Или, может быть, рассказать вам о поездке в 1980 году, о поездке, которая – хотя тогда я этого не знал – в конце концов разрушила мою жизнь?
К тому времени на моем попечении находилось двадцать шесть детей – больше, разумеется, чем мне было нужно, больше, чем я хотел. К тому времени общественное восприятие этой необычной коллекции сильно изменилось, и в определенных кругах ее стали считать очередным показателем моей монструозности.

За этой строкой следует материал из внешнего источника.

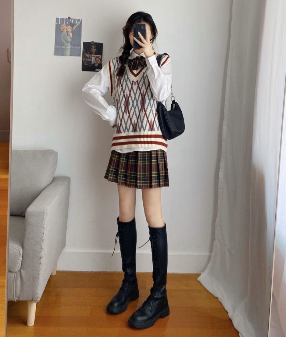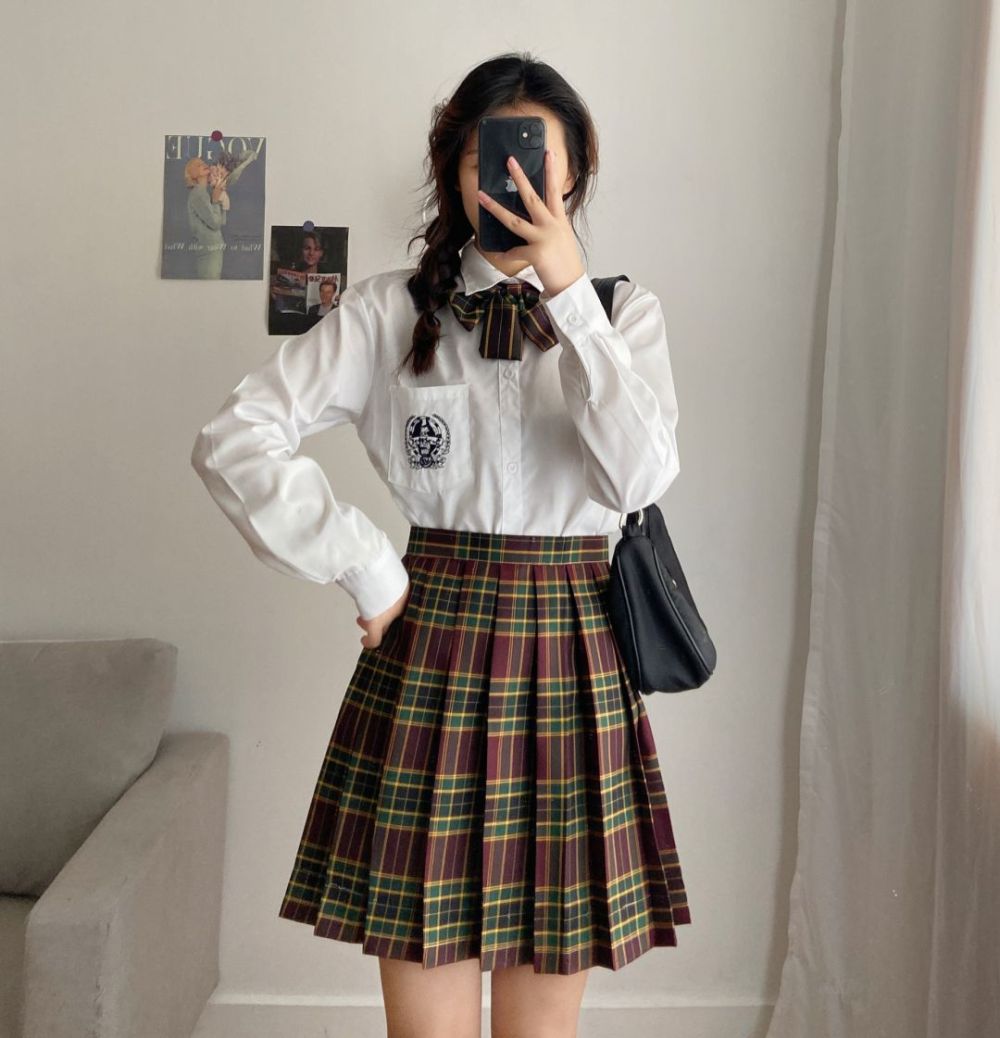 四件套我太爱了!!! 白色衬衫➕领结➕马甲➕百褶裙 都可以分开搭配哦 非常百搭的单品 颜色也巨好看

Когда я начал собирать детей, меня, конечно, превозносили как героя – может быть, чудаковатого героя, на предельно допустимой грани эксцентричности, но все-таки героя. Я был холост, я был известным ученым, но все же я открывал свой дом (восьмиспальневый колониальный особняк в ближайшем пригороде, купленный на часть наследства) для этих недокормленных первобытных сирот, чье плачевное состояние усугублялось тем, что они темнокожи, плосконосы и совершенно невежественны.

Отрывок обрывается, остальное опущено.